Several cutting-edge technologies are poised to transform our understanding of SSON_2013 function and regulation:
Cryo-electron microscopy (Cryo-EM):
Enables visualization of full-length SSON_2013 in different conformational states
Can reveal interactions with other cellulose synthesis machinery components
Provides structural insights without crystallization requirements
Single-molecule techniques:
FRET-based approaches to monitor conformational changes in real time
Optical tweezers to study mechanical properties of SSON_2013-regulated cellulose
Super-resolution microscopy to visualize cellulose production in vivo
CRISPR interference (CRISPRi) and CRISPR activation (CRISPRa):
Tunable gene expression modulation rather than complete knockout
Multiplexed targeting of multiple genes in cellulose synthesis pathway
Temporal control of gene expression to study dynamic processes
Microfluidics and organ-on-chip technologies:
Recreation of host intestinal environment for pathogenesis studies
High-throughput screening of conditions affecting SSON_2013 activity
Real-time visualization of biofilm formation under controlled conditions
Computational approaches:
These technologies promise to overcome existing technical limitations and provide unprecedented insights into SSON_2013 function at molecular, cellular, and organismal levels.

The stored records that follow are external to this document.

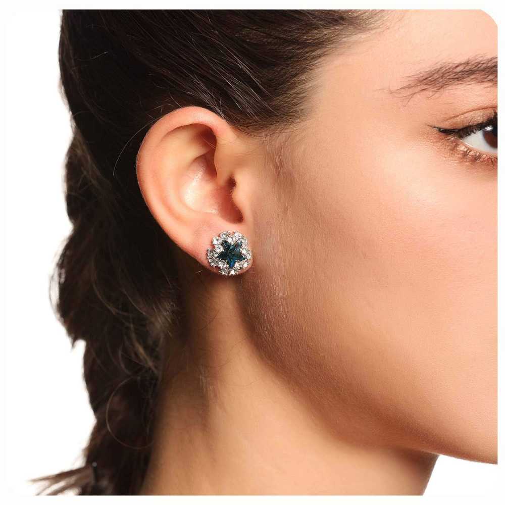 - Silver plated stud earring paved with cubic zirconia
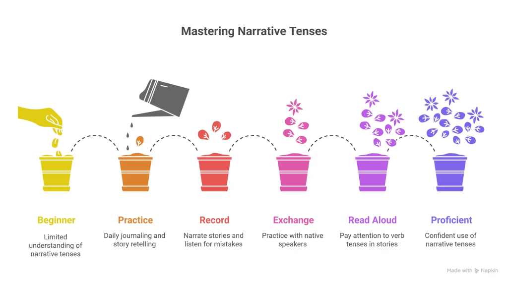 Fix: Practice by narrating short stories (1–2 minutes) and record yourself. Listen for tense changes. Are they intentional? Do they serve a purpose? This self-correction builds awareness faster than any textbook exercise.
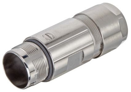 Kupplungsgehäuse, EMV Version, Baugröße: M23, Schraubverriegelung, ComLock - Schnellverschluss, gerader Kabeleingang, Werkstoff Gehäuse: Kupferzinklegierung, vernickelt, Werkstoff Dichtung: NBR, Schutzart: IP67 im verriegelten Zustand, IP69 / IPX9K nach ISO 20653 im verriegelten Zustand
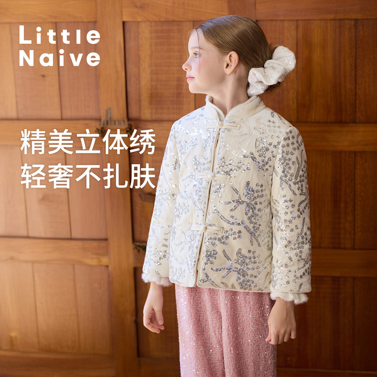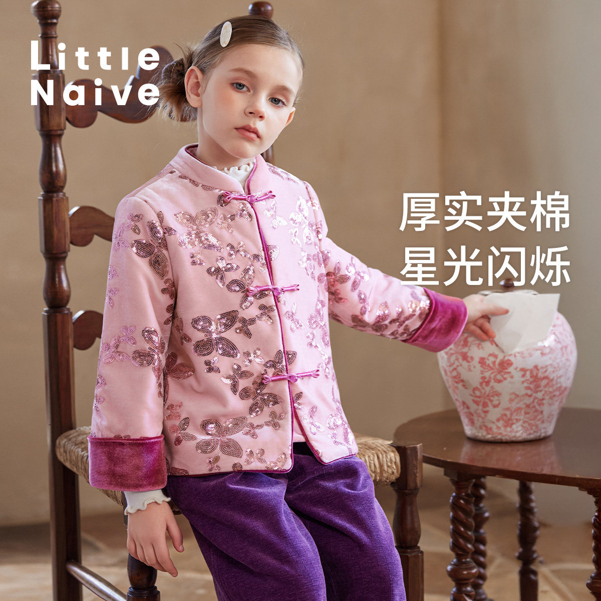 📚 LittleNaive女童新中式外套冬季国风丝绒保暖棉服儿童刺绣拜年服

Research on SSON_2013 opens several promising avenues for novel therapeutic interventions against S. sonnei infections:
Anti-biofilm strategies:
Development of small molecule inhibitors targeting SSON_2013 diguanylate cyclase activity
Peptide-based disruption of protein-protein interactions in the cellulose synthesis complex
Engineering of phages expressing biofilm-degrading enzymes
Adjuvant therapies to enhance antibiotic efficacy:
SSON_2013 inhibitors to prevent biofilm-associated antibiotic tolerance
Combination therapies targeting both bacterial growth and biofilm formation
Dispersal agents to disrupt established biofilms before antibiotic treatment
Vaccine development approaches:
Identification of SSON_2013-regulated surface antigens for vaccine targets
Attenuated strains with modified cellulose production for live vaccines
Understanding of how cellulose affects antigen presentation during infection
Diagnostic improvements:
Biomarkers based on cellulose production levels for rapid identification
Detection of SSON_2013 activity as an indicator of virulence potential
Monitoring biofilm formation capabilities to predict treatment responses
Microbiome-based interventions:
These approaches represent a paradigm shift from traditional antibiotics toward targeting bacterial virulence mechanisms and colonization factors, potentially reducing selective pressure for antibiotic resistance.
Fully understanding SSON_2013 requires integration of multiple scientific disciplines in a coordinated research framework:
Structural biology and biochemistry:
Determination of three-dimensional structure
Characterization of enzymatic mechanisms
Analysis of protein dynamics and conformational changes
Identification of allosteric regulation sites
Microbial genetics and molecular biology:
Construction of mutant libraries
Transcriptomic and proteomic profiling
Epigenetic regulation studies
Synthetic biology approaches for pathway reconstruction
Infection biology and immunology:
Host-pathogen interaction studies
Immune response characterization
Animal model development
Ex vivo tissue culture systems
Computational biology and bioinformatics:
Phylogenetic analysis across bacterial species
Network modeling of regulatory pathways
Protein structure prediction and docking simulations
Big data integration from multi-omics studies
Materials science and bioengineering:
A collaborative research program integrating these disciplines would enable comprehensive characterization of SSON_2013, from atomic-level structure to ecosystem-level impacts, advancing both fundamental understanding and applied therapeutic development.